Aim of the exercise: The material below holds pictures; leave them out, and copy exactly, and only, the lines from the one with "Вы попадёте на" through the last.

Given material:
↓

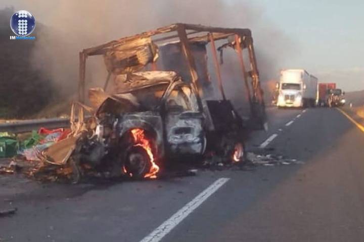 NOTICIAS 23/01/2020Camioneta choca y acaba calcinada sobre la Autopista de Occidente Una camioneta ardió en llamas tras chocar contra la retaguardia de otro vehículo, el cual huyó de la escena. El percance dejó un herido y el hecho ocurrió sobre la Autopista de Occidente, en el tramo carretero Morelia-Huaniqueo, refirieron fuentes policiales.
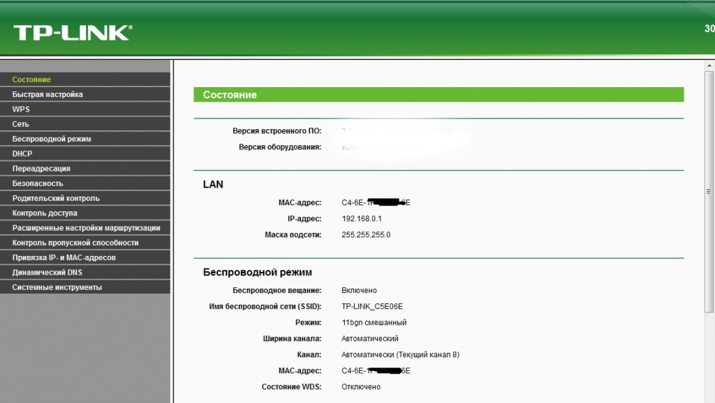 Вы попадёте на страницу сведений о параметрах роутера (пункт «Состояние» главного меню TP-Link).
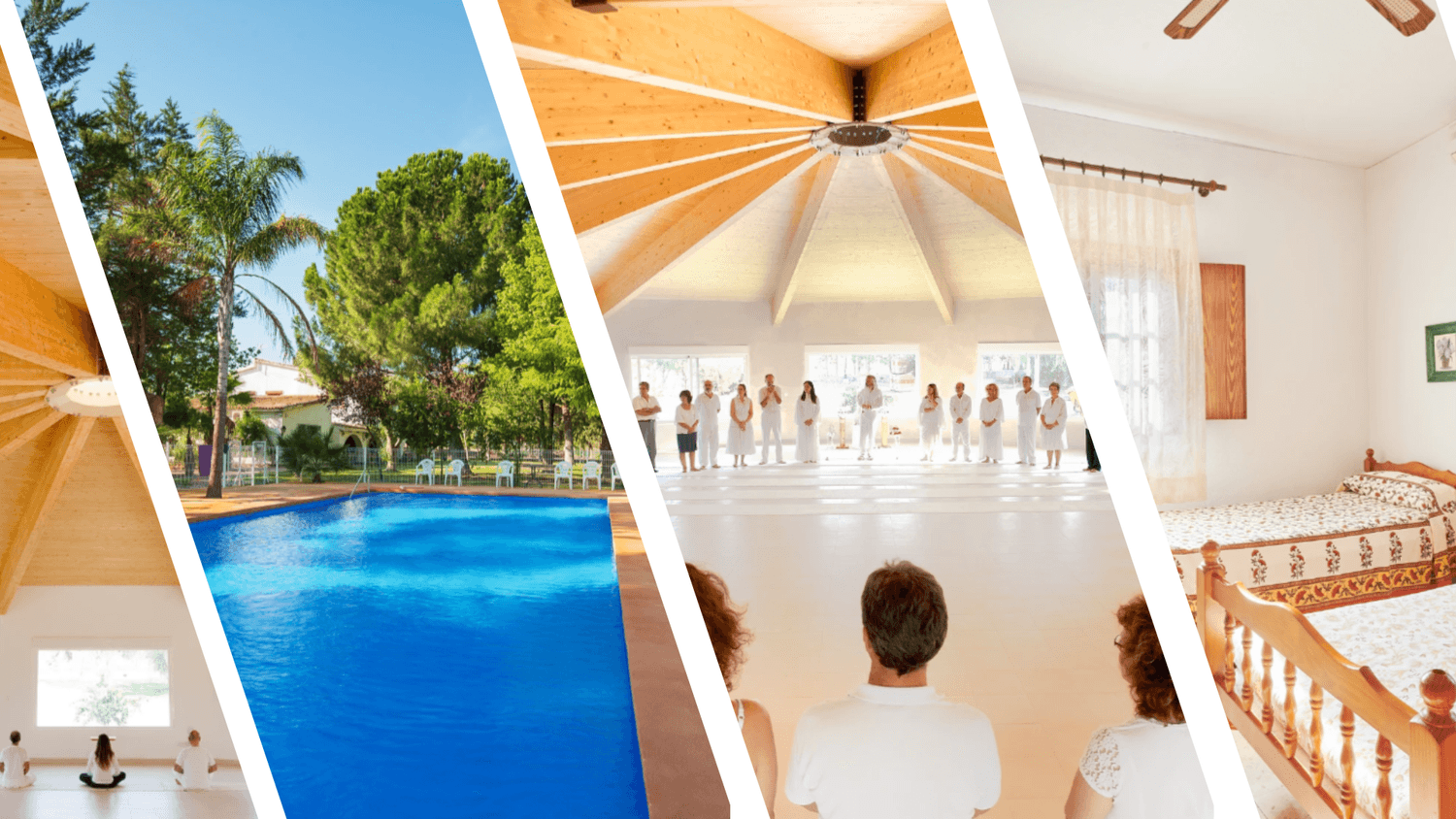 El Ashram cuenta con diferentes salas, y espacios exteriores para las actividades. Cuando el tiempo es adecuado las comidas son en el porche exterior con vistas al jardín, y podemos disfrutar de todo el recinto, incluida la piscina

↑

Output of the exercise:
 Вы попадёте на страницу сведений о параметрах роутера (пункт «Состояние» главного меню TP-Link).
 El Ashram cuenta con diferentes salas, y espacios exteriores para las actividades. Cuando el tiempo es adecuado las comidas son en el porche exterior con vistas al jardín, y podemos disfrutar de todo el recinto, incluida la piscina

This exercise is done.